With ECDHE (Elliptic Curve Diffie-Hellman Ephemeral), both the client and server generate a fresh key pair for each handshake. They exchange public values, and both independently compute the same shared secret using elliptic curve math. After the handshake, the ephemeral private keys are discarded. If an attacker records the encrypted traffic and later obtains the server's long-term RSA or ECDSA key, they still cannot derive the session keys because those were generated from the ephemeral key pairs, not the long-term key.

Without forward secrecy (for example, with plain RSA key exchange used in older TLS 1.2 configurations), the session key is encrypted with the server's public key. Anyone who obtains the private key can decrypt every recorded session, past and future. This is why TLS 1.3 mandates ECDHE and does not allow RSA key exchange at all.

Why this matters in practice

Organizations like intelligence agencies and large ISPs can store encrypted traffic at scale. If they obtain a server's private key years later (through a breach, legal order, or key rotation lapse), forward secrecy ensures that all previously recorded sessions remain unreadable. This is not a theoretical concern. It is the explicit threat model that forward secrecy was designed to address.

Observing the Handshake in Practice #

You can see the handshake results using browser tools, command-line utilities, or network analysis software. Each gives you a different level of detail.

Browser DevTools Security Tab

In Chrome or Edge, open Developer Tools (F12), click the Security tab, and select the main origin. You will see the TLS version, cipher suite, key exchange algorithm, and certificate details. This is the quickest way to verify what your browser actually negotiated with the server.

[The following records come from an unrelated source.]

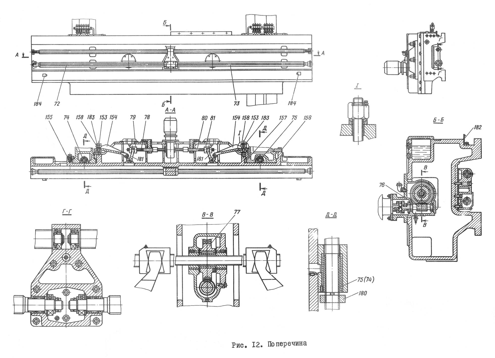 Поперечка (рис. 12) розміщується на направляючих стійках. Її корпус являє собою виливок, поперечний переріз якого має коробчасту форму з розвиненою системою ребер. Попереду корпус поперечки має горизонтальні прямокутні напрямні, якими переміщаються вертикальні супорти.
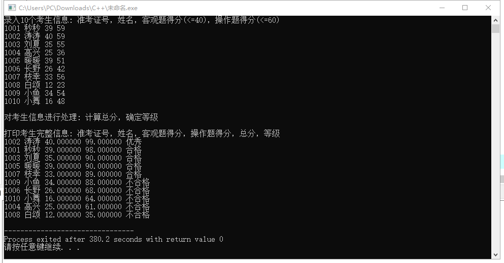 #include <stdio.h> #include <string.h> const int N = 10; // 定义结构体类型struct student,并定义其别名为STU typedef struct student { long int id; char name[20]; float objective; /*客观题得分*/ float subjective; /*操作题得分*/ float sum; char level[10]; }STU; // 函数声明 void input(STU s[], int n); void output(STU s[], int n); void process(STU s[], int n); int main() { STU stu[N]; printf("录入%d个考生信息: 准考证号,姓名,客观题得分(<=40),操作题得分(<=60)\n", N); input(stu, N); printf("\n对考生信息进行处理: 计算总分,确定等级\n"); process(stu, N); printf("\n打印考生完整信息: 准考证号,姓名,客观题得分,操作题得分,总分,等级\n"); output(stu, N); return 0; } // 录入考生信息:准考证号,姓名,客观题得分,操作题得分 void input(STU s[], int n) { int i; for(i=0;i<n;i++) scanf("%d %s %f %f",&s[i].id,s[i].name,&s[i].objective,&s[i].subjective); } //输出考生完整信息: 准考证号,姓名,客观题得分,操作题得分,总分,等级 void output(STU s[], int n) { int i,j;STU temp; for (i=0;i<n;i++) { printf ("%d %s %f %f %s\n",s[i].id,s[i].name,s[i].objective,s[i].sum,s[i].level); } } // 对考生信息进行处理:计算总分,排序,确定等级 void process(STU s[], int n) { int i,j,k;STU temp; for (i=0;i<n;i++) s[i].sum=s[i].objective+s[i].subjective; for(j=0;j<n-1;j++) { for(k=0;k<n-1-j;k++) { if(s[k].sum<s[k+1].sum) { temp=s[k]; s[k]=s[k+1]; s[k+1]=temp; } } } for(i=0;i<n;i++) { if(i==0) strcpy(s[i].level,"优秀"); else if (i>=1&&i<=4) strcpy(s[i].level,"合格"); else if (i>=5&&i<=9) strcpy(s[i].level,"不合格") ; } }
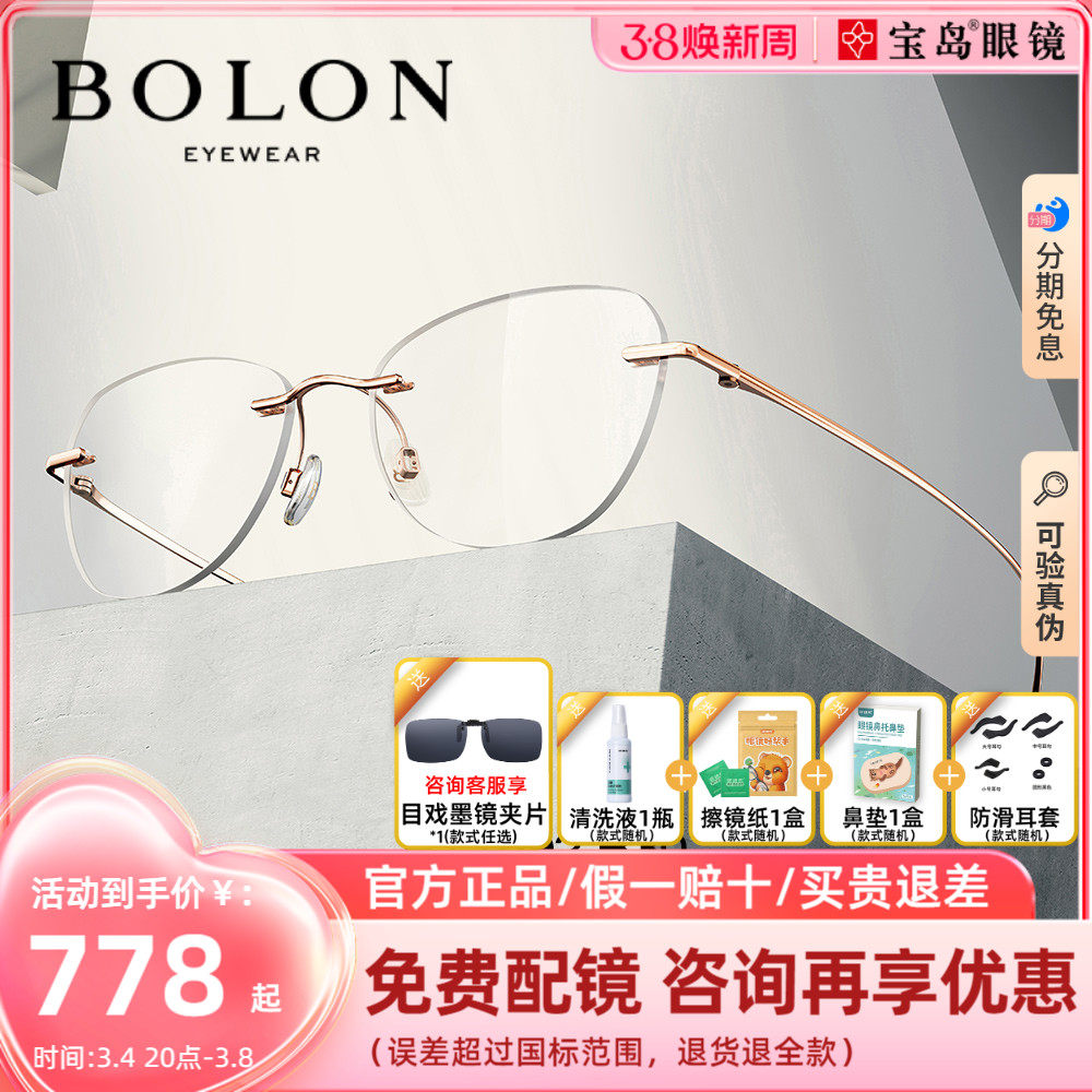 暴龙无框近视眼镜架蝶形钛合金镜框气质带度数镜片光学镜女BT1592

  • Protocol: should show TLS 1.2 or TLS 1.3
  • Key exchange: should include ECDHE for forward secrecy
  • Cipher: should use AES-GCM or ChaCha20

OpenSSL s_client

The openssl s_client command connects to a server and displays the full handshake details, including the negotiated protocol, cipher suite, and certificate chain.

OpenSSL handshake inspection
# Connect and show handshake details openssl s_client -connect example.com:443 # Key output to look for: # Protocol : TLSv1.3 # Cipher : TLS_AES_256_GCM_SHA384 # Server certificate chain # Verify return code: 0 (ok)

Wireshark (Packet-Level Analysis)

For the deepest visibility, Wireshark can capture and display every packet in the TLS handshake. Filter by tls.handshake to see the ClientHello, ServerHello, certificate exchange, and key exchange messages individually. This is useful for debugging handshake failures or verifying that your server does not offer deprecated protocol versions. Note that in TLS 1.3, the server certificate is encrypted and will not appear in the packet capture unless you have the session keys.